Julio C. Tello Site Museum


Located very near to Paracas Town (5 km), inside of Paracas National Reserve, it's small size, it possesses an interesting exhibition of the evolutionary process of the Paracas culture, textiles, ceramics and reproductions of their daily life.


Paracas magnificence and history are necessarily associated with the scientist Julio C. Tello, known as "The father of Peruvian archaeology", who discovered this set of cemeteries and necropolises from the Formative period connected to Paracas culture. It was doctor Tello, who between the years 1925 and 1930, identified and characterized this culture, famous for its beautiful polychrom mantles, which were given to know worldwide.

 

The Paracas were experts at mummifying their dead; in the mummies, you can see the peculiar practices of cranial deformation and cranial trepanation, or brain surgery. The Paracas also admired trophy heads, and warriors often attached the heads of defeated foes to their armor to instill fear into their opponents.

 

After the reserve was established in 1975, the museum was built to house artifacts and interpret the archeology and culture of the Paracas, as well as the rich natural life of the marine reserve.

 

Valuable reamins of Paracas Culture as ceramic pieces, textiles and funeral bales can also be appreciated in the Archaeological Museums of Peru, Larco Herrera, De la Nación in Lima.

 

Near the museum is the Paracas Necropolis (100 B.C.-A.D. 300), comprising the archaeological sites of Cabezas Largas and Cerro Colorado.

 

Paracas cemeteries

Paracasis known for the beauty of the natural scenery, the richness of its funeral ritual, the quality of its textiles, and its advanced knowledge of surgery dating back to 2.500 years ago. Almost 60% of the patients who underwent cranial trepanations are estimated to have survived the operation.

 

In 1925, Peruvian archeologist Julio C. Tello unearthed the first remains of the Paracas civilization. Their splendid fabrics- witnessing to a rich magical vision of this civilization's social lifewere woven in cotton, the wool of South American ruminants or a mix of both, and decorated
with brightly colored embroideries in woolen thread. One of the most frequent characters is depicted as a line drawing of bird-and feline-like
human beings holding a scepter, severed heads, arrows, plants and various emblems. It is variously represented in standing and flying position, looking straight ahead or to the side. The oldest Paracas human remains date back to at least 5.000 years BC, attesting to impressively continuos human habitation in an oasis and desert environment that seems to have changed little in thousands of years. Around approximately 400 BC The peninsula started to look like a gigantic cemetery. Generation after generation buried their dead in the desert sand, thus turning the area into a land of the dead. Tombs were dug deep in the shape of a bottle. A large underground chamber that could hold 30 to 40 individuals wrapped in fabrics was accessed through a long and narrow well. This configuration is at the origin of the Paracas Caverns name given to this stage of their evolution. Hundreds of these burials were found by Tello in the 1920s, fundamentally in the Cerro Colorado zone, near the present day Paracas site museum.

 

Towards 200 AD, funeral habits changed.
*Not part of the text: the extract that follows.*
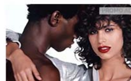
Tom Ford, CREADOR de iconos
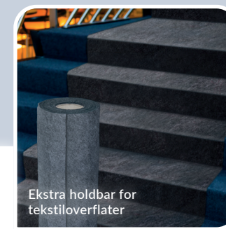
Ekstra holdbar for tekstiloverflater

At this new stage- Paracas Necropolis- the grouped individuals were interred at a lesser depth, frequently among the garbage in houses of former occupations, although always in funerary bundles wrapped in textiles, located one next to the other. Wari Kayan and Cabeza Larga, cemeteries of this type, provide many of the best evidence of textile art and pre-Hispanic surgery. The fabrics wrapping the buried corpses, a product of their creative work, were made of cotton using natural dyes. They are one of the most outstanding achievements of Andean techniques and aesthetics. During its complex history, the peninsula became also attractive for the inhabitants of neighboring regions. Pottery found in the Paracas Necropolis burials, specially the most recent one, shows a series of cultural patterns originated in the immediately neighboring valleys, Pisco and Chincha, area of the Topara culture.